- **Requirement**
Although the records contain pictures, none belong in the copy: restate word for word only the lines from the one with "Scan et retour" through the one with "4dílná zahradní sedací", both included.

- **Materials provided**
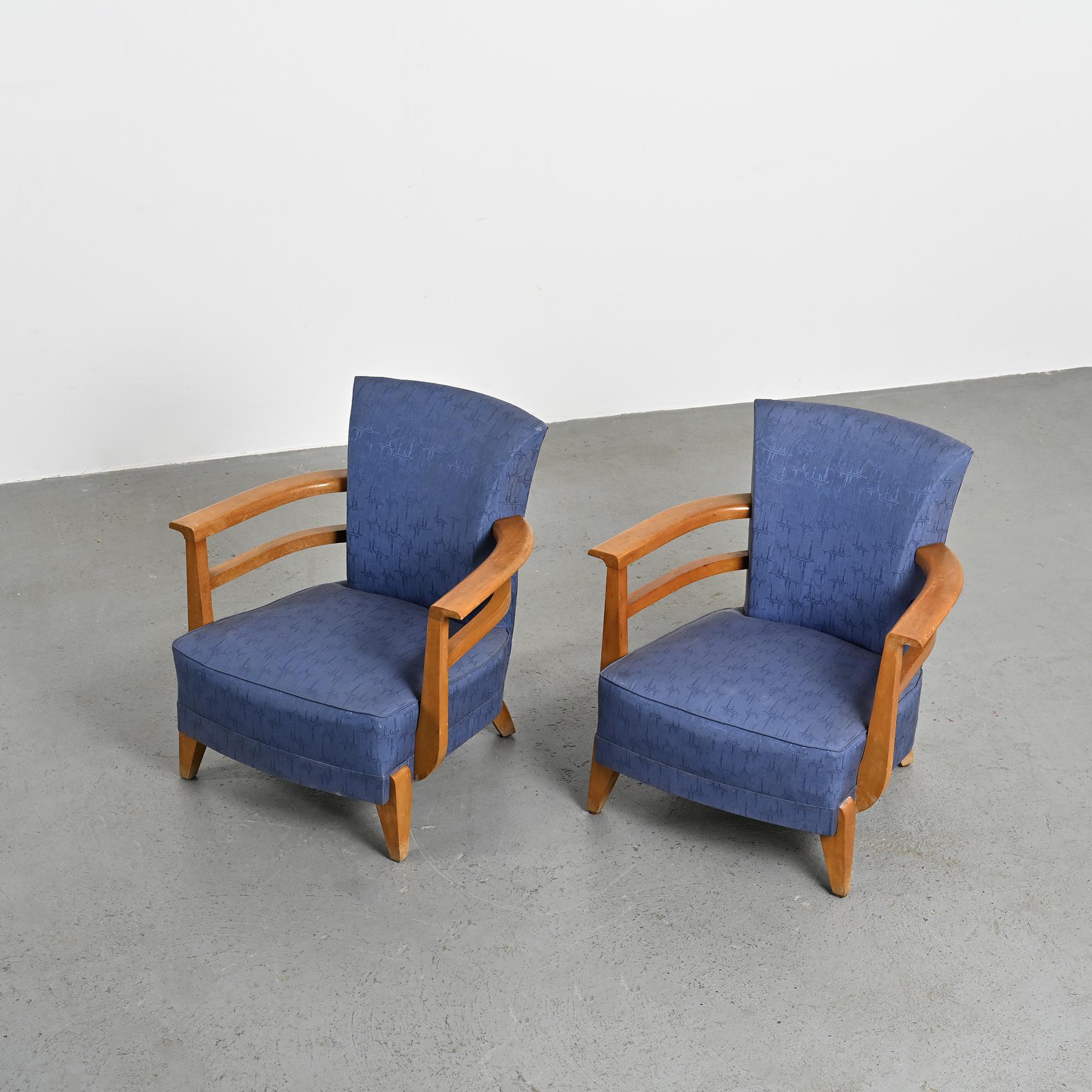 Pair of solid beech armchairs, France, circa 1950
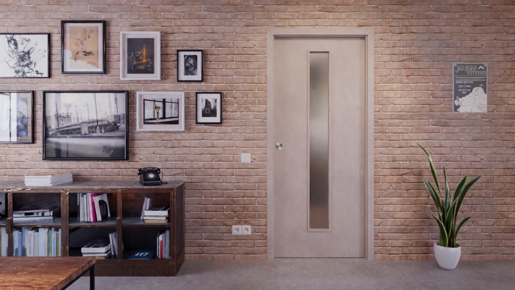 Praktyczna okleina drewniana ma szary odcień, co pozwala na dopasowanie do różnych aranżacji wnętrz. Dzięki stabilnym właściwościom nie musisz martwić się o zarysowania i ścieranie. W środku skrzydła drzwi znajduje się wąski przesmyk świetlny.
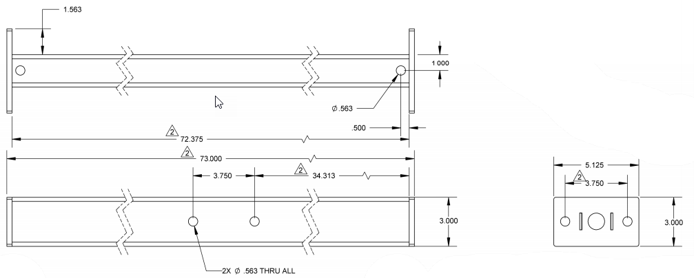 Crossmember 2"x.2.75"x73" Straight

---

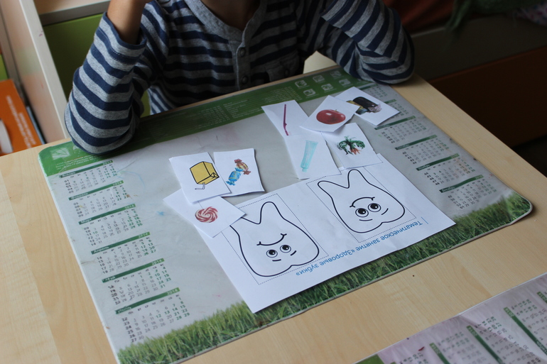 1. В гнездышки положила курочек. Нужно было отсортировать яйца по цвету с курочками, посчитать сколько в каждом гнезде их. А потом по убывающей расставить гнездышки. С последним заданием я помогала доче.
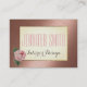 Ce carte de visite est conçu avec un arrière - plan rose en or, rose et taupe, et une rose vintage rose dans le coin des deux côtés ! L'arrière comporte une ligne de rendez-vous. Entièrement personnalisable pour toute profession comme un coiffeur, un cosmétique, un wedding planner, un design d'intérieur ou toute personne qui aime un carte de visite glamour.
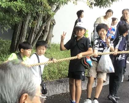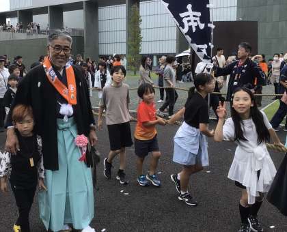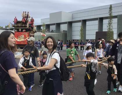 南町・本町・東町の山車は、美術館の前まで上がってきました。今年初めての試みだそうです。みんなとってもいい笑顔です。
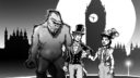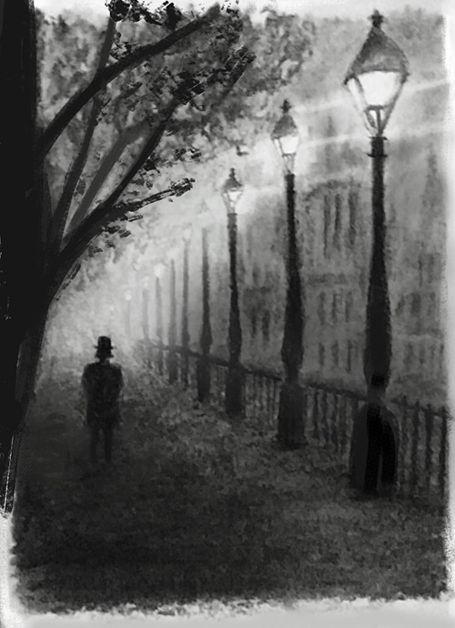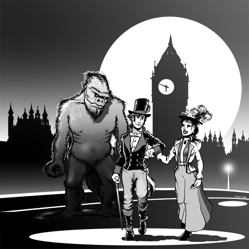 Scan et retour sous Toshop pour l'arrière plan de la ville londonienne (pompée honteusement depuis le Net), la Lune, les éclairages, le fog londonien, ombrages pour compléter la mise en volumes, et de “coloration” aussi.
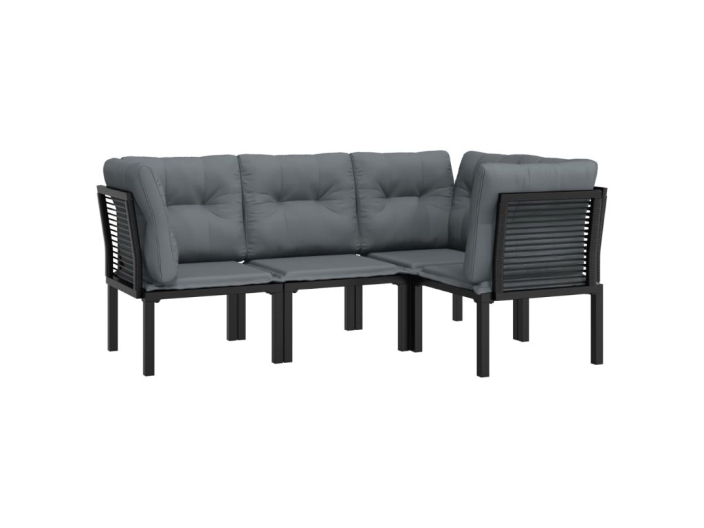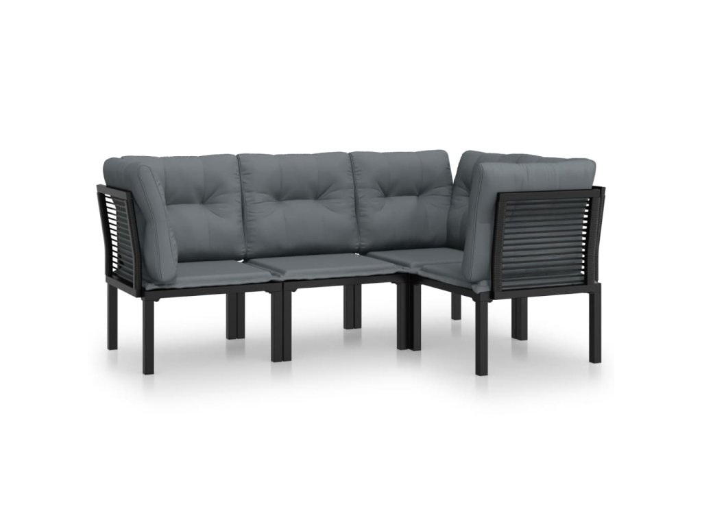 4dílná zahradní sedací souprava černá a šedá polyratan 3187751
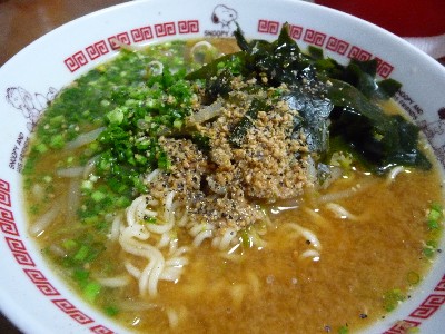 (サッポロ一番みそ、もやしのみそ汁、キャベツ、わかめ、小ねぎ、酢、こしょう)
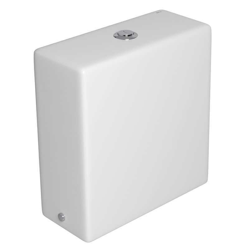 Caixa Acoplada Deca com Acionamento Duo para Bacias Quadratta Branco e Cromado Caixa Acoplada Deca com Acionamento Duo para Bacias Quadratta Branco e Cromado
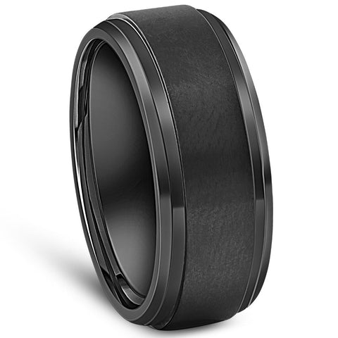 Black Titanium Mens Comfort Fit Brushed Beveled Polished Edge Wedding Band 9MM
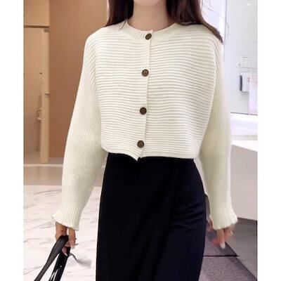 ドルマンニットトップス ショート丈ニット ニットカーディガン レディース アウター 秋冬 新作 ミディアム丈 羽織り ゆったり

- **The answer**
 Scan et retour sous Toshop pour l'arrière plan de la ville londonienne (pompée honteusement depuis le Net), la Lune, les éclairages, le fog londonien, ombrages pour compléter la mise en volumes, et de “coloration” aussi.
 4dílná zahradní sedací souprava černá a šedá polyratan 3187751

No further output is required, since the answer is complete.